» Problem requirements: Where a record contains a picture, omit the picture and repeat the rest exactly.

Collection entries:
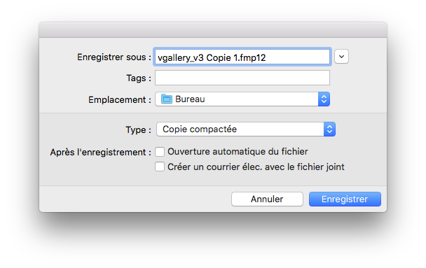 Si vGallery est hébergé par un serveur FileMaker, les sauvegardes doivent être programmées sur celui-ci par l'administrateur du serveur. Si vGallery est hébergé par Zoftware, outre les sauvegardes effectuées par nos soins, vous avez la possibilité de sauvegarder manuellement votre base de données en allant à Fichier -> Enregistrer une copie...
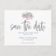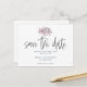 Avise aos seus convidados que você está se casando com bastante antecedência para que eles possam manter o dia livre, enviando um conveniente cartão postal para eles. Este design simples, mas elegante, tem "Save The Date" em uma tipografia cinza em estilo de letra cursiva e o restante do texto serifado é facilmente personalizado com seus próprios detalhes. Um pequeno motivo de flores em aquarela translúcida em tons de rosa e lilás está no topo. Para economizar tempo ao escrever à mão os nomes e endereços dos convidados, você também pode considerar nossos adesivos de nome e endereço de convidados individuais para seus envios de casamento disponíveis nesta coleção.
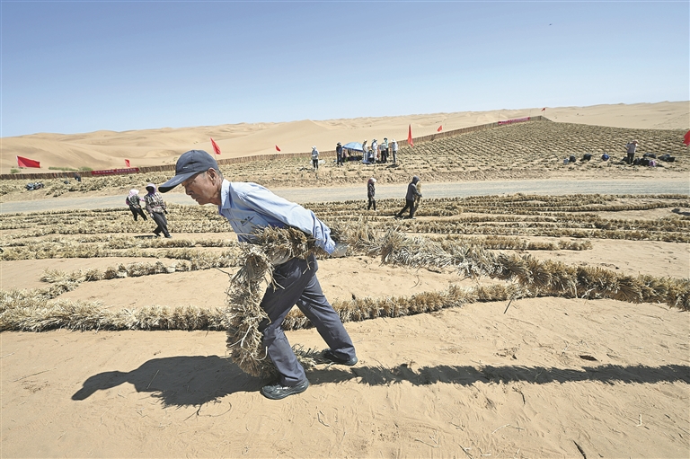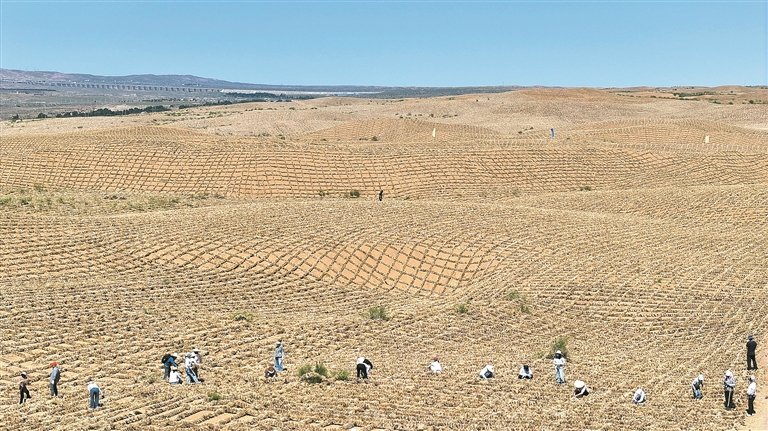 6月30日,在位于宁夏中卫市长流水村的腾格里沙漠东南缘,随着治沙工人将最后一列草方格稳稳扎下,这项跨越半个世纪的治沙工程,在腾格里沙漠宁夏境内实现全面锁边。 图为长流水村腾格里沙漠东南缘治沙锁边工程现场。
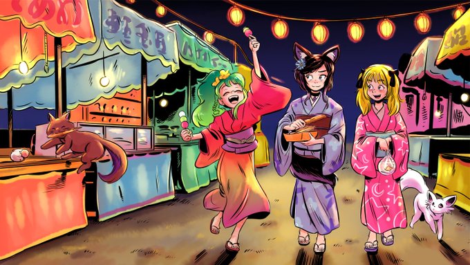 There's no food quite like festival food :D Thank you very much to @/airbornecat for commissioning me to draw this wonderful scene! #RimeriArt #rayumi_art #Konekoillust
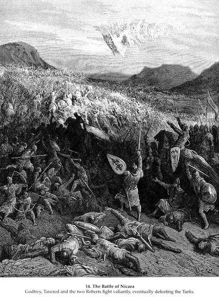 Editor: This is an engraving called "Burying the Dead After the Battle of Dorylaeum," by Gustave Doré. It looks incredibly bleak and overwhelming. So many bodies! What's your take on it? Curator: Overwhelming is the right word! Doré had a knack for capturing the sheer scale of human events, particularly tragic ones. The print fairly screams of desolation, doesn't it? Notice how he contrasts the prone bodies in the foreground with that mass of tiny, almost ant-like figures stretching towards the horizon. What does that contrast evoke for you? Editor: A sense of endlessness, I think. Like the sorrow goes on and on. Also, there's a tent with a cross; that suggests a formal, almost bureaucratic, approach to grief, which feels very strange. Curator: Precisely! It's the institutionalization of mourning amidst absolute chaos. The 'correct' thing to do clashing with the visceral horror of the aftermath. Consider the landscape itself - craggy, inhospitable. Almost like the land is mirroring the event. Doré used light and shadow so dramatically. What do you think the areas of deep shadow are meant to emphasize? Editor: Concealment, maybe? The horror you don't quite see is somehow worse? Or maybe it is about creating the tonal drama... a very baroque approach? Curator: That’s beautifully put! The veiled is often far more terrifying than what is fully exposed. He pulls us in by revealing small pockets of grief, amidst a landscape of muted trauma. He invites us to look deeper. You know, pondering it more, it reminds me how so many depictions of war focus on battles, victory, strategy...Doré focuses solely on what’s *left* after all of that, which feels like the bigger truth, somehow. Editor: Yes, I think I will always see war a little differently after really looking at this.
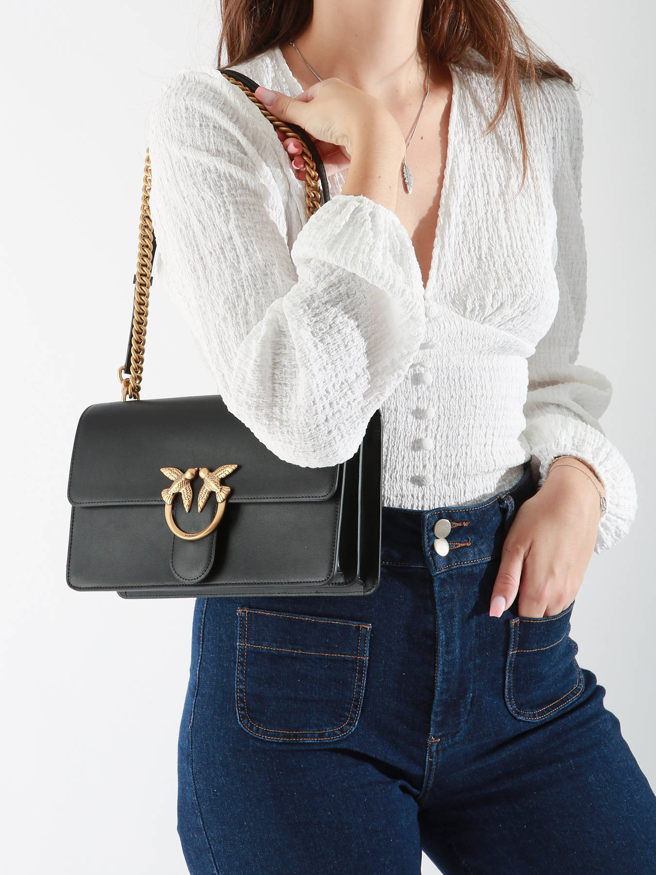 The PINKO crossbody bag in cowhide leather is a stylish accessory that combines functionality with sophistication. The exterior features a flap closure with a clasp, providing both security and ease of access. The adjustable strap allows it to be worn crossbody or on the shoulder, adapting to your needs. Inside, the bag is cleverly designed for organization: a main separation ensures optimized storage, while one simple pocket and one zippered pocket offer practical spaces for small items and accessories. The two spacious compartments maintain perfect organization while keeping a chic and modern silhouette. This bag is ideal for busy days or elegant evenings, blending style with practicality.
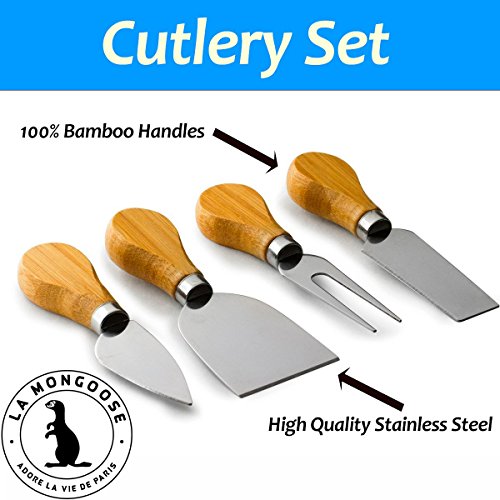 - WINTER SALE – CHEESE BOARD WITH CUTLERY SET BY LA MONGOOSE, A PERFECT GIFT FOR CHRISTMAS: Give this beautifully designed set to someone you love, for Christmas, birthdays, housewarming parties, weddings, engagements, baby showers, wine and cheese tastings, and many other events. Impress your guests at your next social gathering with the elegant grain finish and warm bamboo color of this beautiful cheese board.
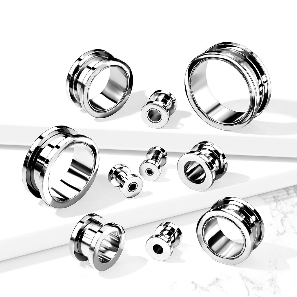 Der Tunnel wird, wie der Name auch andeutet, mit einem Schraubengewinde geliefert. Dies bedeutet, dass die Rückseite des Tunnels abgeschraubt werden kann, so dass es einfacher ist, den Tunnel einzusetzen oder rauszunehmen. Der Tunnel ist in Größen von 8 g (3 mm) bis 1 Zoll (25 mm) erhältlich.

» Answer area:
 Si vGallery est hébergé par un serveur FileMaker, les sauvegardes doivent être programmées sur celui-ci par l'administrateur du serveur. Si vGallery est hébergé par Zoftware, outre les sauvegardes effectuées par nos soins, vous avez la possibilité de sauvegarder manuellement votre base de données en allant à Fichier -> Enregistrer une copie...
 Avise aos seus convidados que você está se casando com bastante antecedência para que eles possam manter o dia livre, enviando um conveniente cartão postal para eles. Este design simples, mas elegante, tem "Save The Date" em uma tipografia cinza em estilo de letra cursiva e o restante do texto serifado é facilmente personalizado com seus próprios detalhes. Um pequeno motivo de flores em aquarela translúcida em tons de rosa e lilás está no topo. Para economizar tempo ao escrever à mão os nomes e endereços dos convidados, você também pode considerar nossos adesivos de nome e endereço de convidados individuais para seus envios de casamento disponíveis nesta coleção.
 6月30日,在位于宁夏中卫市长流水村的腾格里沙漠东南缘,随着治沙工人将最后一列草方格稳稳扎下,这项跨越半个世纪的治沙工程,在腾格里沙漠宁夏境内实现全面锁边。 图为长流水村腾格里沙漠东南缘治沙锁边工程现场。
 There's no food quite like festival food :D Thank you very much to @/airbornecat for commissioning me to draw this wonderful scene! #RimeriArt #rayumi_art #Konekoillust
 Editor: This is an engraving called "Burying the Dead After the Battle of Dorylaeum," by Gustave Doré. It looks incredibly bleak and overwhelming. So many bodies! What's your take on it? Curator: Overwhelming is the right word! Doré had a knack for capturing the sheer scale of human events, particularly tragic ones. The print fairly screams of desolation, doesn't it? Notice how he contrasts the prone bodies in the foreground with that mass of tiny, almost ant-like figures stretching towards the horizon. What does that contrast evoke for you? Editor: A sense of endlessness, I think. Like the sorrow goes on and on. Also, there's a tent with a cross; that suggests a formal, almost bureaucratic, approach to grief, which feels very strange. Curator: Precisely! It's the institutionalization of mourning amidst absolute chaos. The 'correct' thing to do clashing with the visceral horror of the aftermath. Consider the landscape itself - craggy, inhospitable. Almost like the land is mirroring the event. Doré used light and shadow so dramatically. What do you think the areas of deep shadow are meant to emphasize? Editor: Concealment, maybe? The horror you don't quite see is somehow worse? Or maybe it is about creating the tonal drama... a very baroque approach? Curator: That’s beautifully put! The veiled is often far more terrifying than what is fully exposed. He pulls us in by revealing small pockets of grief, amidst a landscape of muted trauma. He invites us to look deeper. You know, pondering it more, it reminds me how so many depictions of war focus on battles, victory, strategy...Doré focuses solely on what’s *left* after all of that, which feels like the bigger truth, somehow. Editor: Yes, I think I will always see war a little differently after really looking at this.
 The PINKO crossbody bag in cowhide leather is a stylish accessory that combines functionality with sophistication. The exterior features a flap closure with a clasp, providing both security and ease of access. The adjustable strap allows it to be worn crossbody or on the shoulder, adapting to your needs. Inside, the bag is cleverly designed for organization: a main separation ensures optimized storage, while one simple pocket and one zippered pocket offer practical spaces for small items and accessories. The two spacious compartments maintain perfect organization while keeping a chic and modern silhouette. This bag is ideal for busy days or elegant evenings, blending style with practicality.
 - WINTER SALE – CHEESE BOARD WITH CUTLERY SET BY LA MONGOOSE, A PERFECT GIFT FOR CHRISTMAS: Give this beautifully designed set to someone you love, for Christmas, birthdays, housewarming parties, weddings, engagements, baby showers, wine and cheese tastings, and many other events. Impress your guests at your next social gathering with the elegant grain finish and warm bamboo color of this beautiful cheese board.
 Der Tunnel wird, wie der Name auch andeutet, mit einem Schraubengewinde geliefert. Dies bedeutet, dass die Rückseite des Tunnels abgeschraubt werden kann, so dass es einfacher ist, den Tunnel einzusetzen oder rauszunehmen. Der Tunnel ist in Größen von 8 g (3 mm) bis 1 Zoll (25 mm) erhältlich.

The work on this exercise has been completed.